Monday, January 18, 2021

Entertainment Is Its Own World

The only factor which moderated the laughter in Planterson's was the number of diners inside. The first floor had never been empty since Planterson started offering food, drinks, and entertainment for the businessmen who came to deal with him or meet one another on neutral ground, an innovation being adopted by more than one property owner with an eye for trends, but it was not often full. A merchant here and a guard there at different tables made up the few witnesses to the finest performance any of them had ever seen.
Planterson allowed not only musicians and reciters of poetry to take the floor but also jugglers, acrobats, dancers, and practitioners of public legerdemain who, feeling the intensifying competition in the entertainment industry keenly, had been doing more and more to spice up their acts. At the time a mercantile association junior member named Waxerson was juggling cheeses while telling humorous anecdotes in a dialect spoken far from Latemarket that readied the audience for mirth on its own.
No one there had ever enjoyed such a diverting spectacle, but the merriment was interrupted when a phantasmal woman appeared, embraced Waxerson, and disappeared, him along with her.
The laughter stopped. "What happened?" A patron, Glazerson by name, asked an older man sitting nearby for an explanation as if a few years gave the answer to every question there was.
"No need to concern yourself," the older man said. "He's been taken by a comedy valkyrie is all. To Valhalla. Seen it many a time."
"Oh . . . oh, really?"
"Yes sir. Not that it happens often. Not at all. But I've followed the career of every promising humorist I ever caught word of for, oh, six hundred years now and more. You get so these things don't surprise you so much."

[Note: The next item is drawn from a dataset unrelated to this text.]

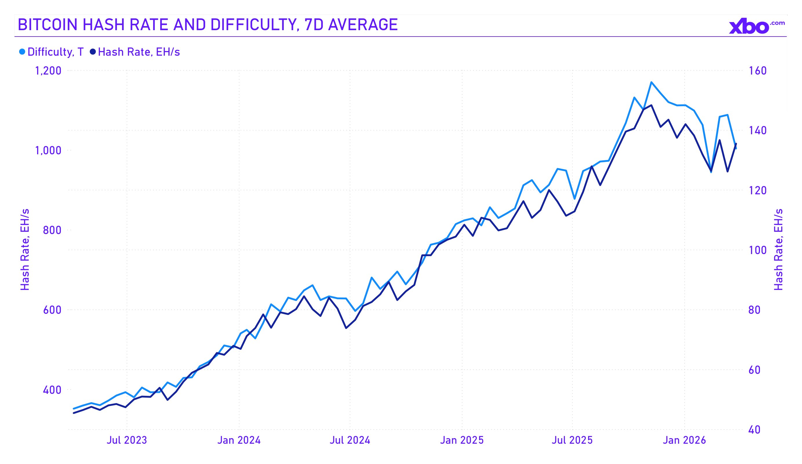 Hash rate has declined since November 2025. This points to miner capitulation: the least efficient operators are shutting down equipment or liquidating treasury reserves. Core Scientific announced the sale of 2,537 BTC in Q1, while Cango Inc. sold 4,451 BTC in a single weekend.

"You mean . . . you're saying you're the immortal sage, Counter?"
"I don't recall saying so, but that's my name."
"Racing heavens! Wait till I tell everybody back home! So, what is the secret to immortality?"
Counter shrugged. "Don't remember. It's been six hundred years."
"Oh, yes, of course."
A caravan guard stood up and sang a song from his homeland so as not to allow the entertainment to die down for good. All agreed he was decent but was unlikely to summon a song valkyrie.